Stored data ▸
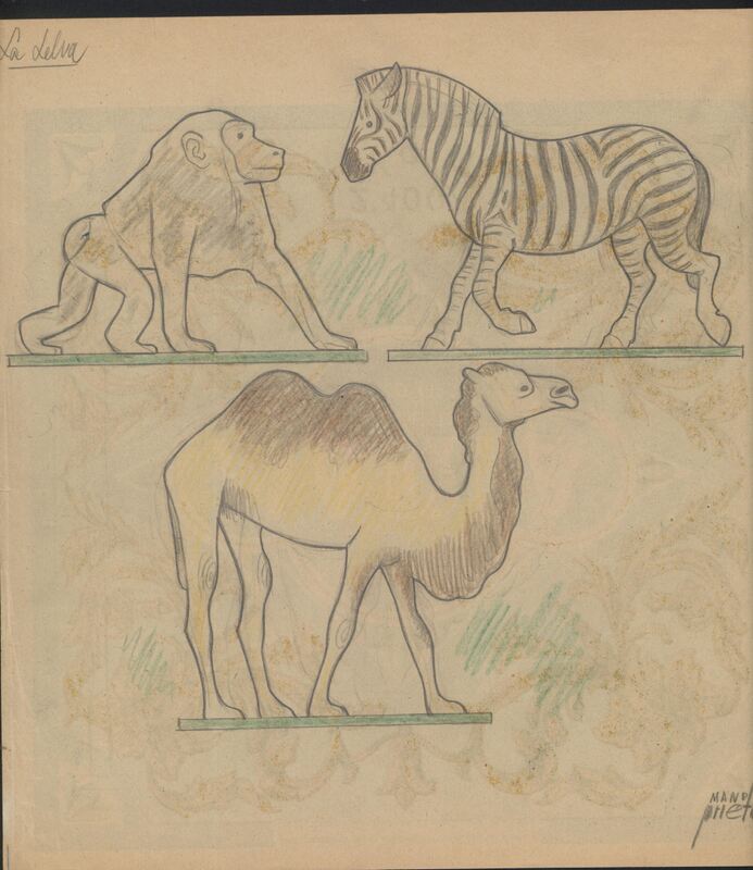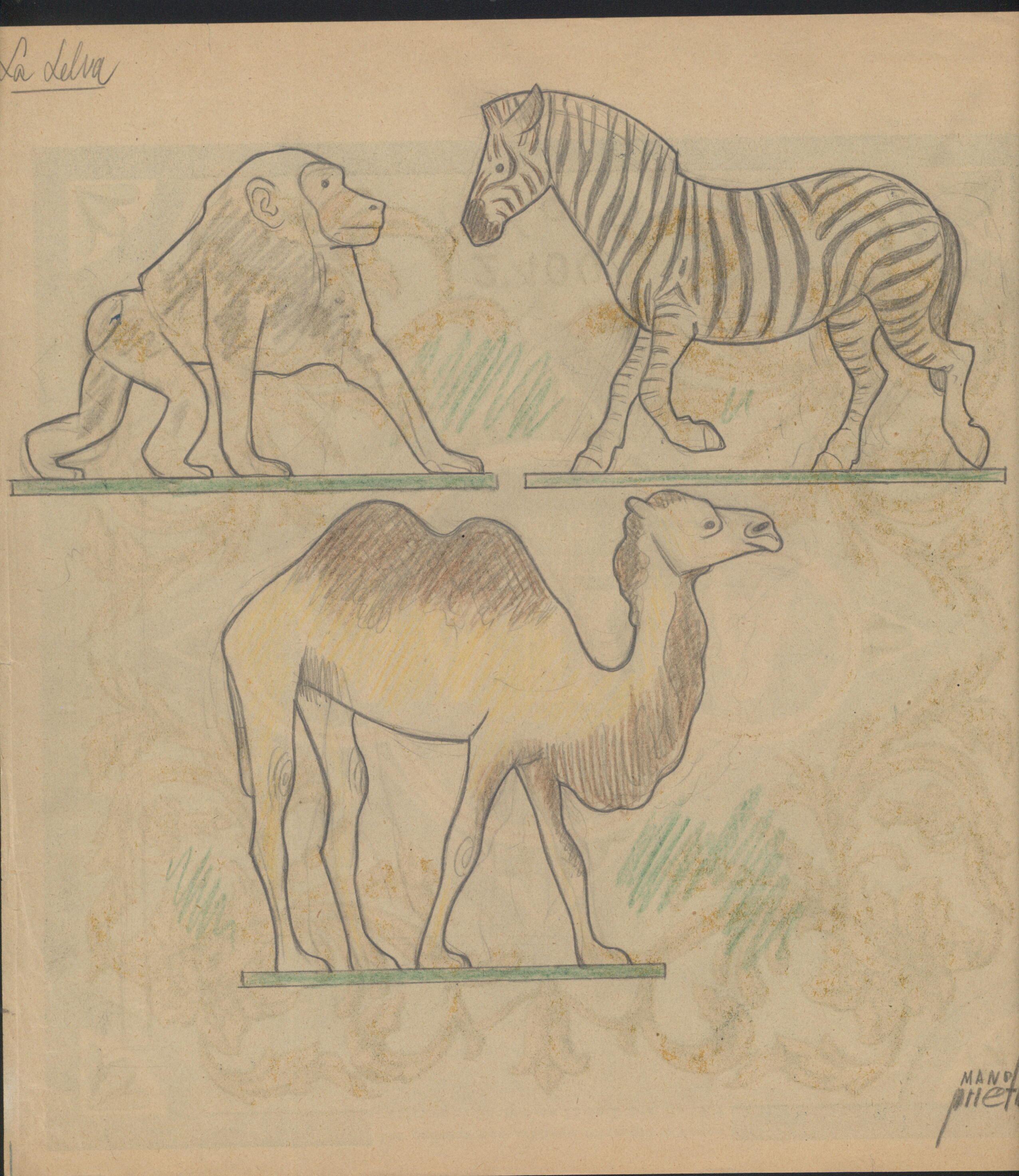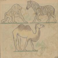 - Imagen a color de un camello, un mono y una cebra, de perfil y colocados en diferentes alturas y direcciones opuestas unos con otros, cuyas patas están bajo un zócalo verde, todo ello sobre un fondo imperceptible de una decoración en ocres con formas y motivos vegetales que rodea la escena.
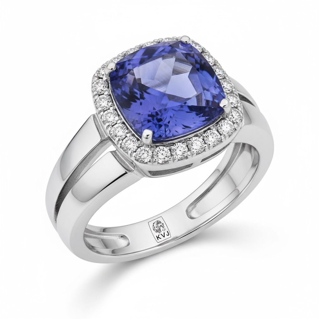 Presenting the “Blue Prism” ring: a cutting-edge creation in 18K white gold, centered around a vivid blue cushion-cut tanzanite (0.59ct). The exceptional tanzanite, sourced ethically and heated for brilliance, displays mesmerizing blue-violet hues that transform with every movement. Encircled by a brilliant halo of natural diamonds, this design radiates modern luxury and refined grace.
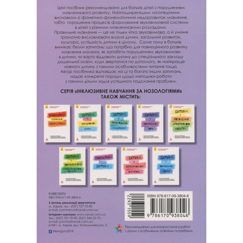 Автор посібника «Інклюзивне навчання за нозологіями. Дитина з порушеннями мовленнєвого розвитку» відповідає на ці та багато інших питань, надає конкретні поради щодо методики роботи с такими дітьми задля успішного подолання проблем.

Required work ▸ Your response must reproduce the listing above word for word and must contain none of its pictures.

Problem solution ▸
 - Imagen a color de un camello, un mono y una cebra, de perfil y colocados en diferentes alturas y direcciones opuestas unos con otros, cuyas patas están bajo un zócalo verde, todo ello sobre un fondo imperceptible de una decoración en ocres con formas y motivos vegetales que rodea la escena.
 Presenting the “Blue Prism” ring: a cutting-edge creation in 18K white gold, centered around a vivid blue cushion-cut tanzanite (0.59ct). The exceptional tanzanite, sourced ethically and heated for brilliance, displays mesmerizing blue-violet hues that transform with every movement. Encircled by a brilliant halo of natural diamonds, this design radiates modern luxury and refined grace.
 Автор посібника «Інклюзивне навчання за нозологіями. Дитина з порушеннями мовленнєвого розвитку» відповідає на ці та багато інших питань, надає конкретні поради щодо методики роботи с такими дітьми задля успішного подолання проблем.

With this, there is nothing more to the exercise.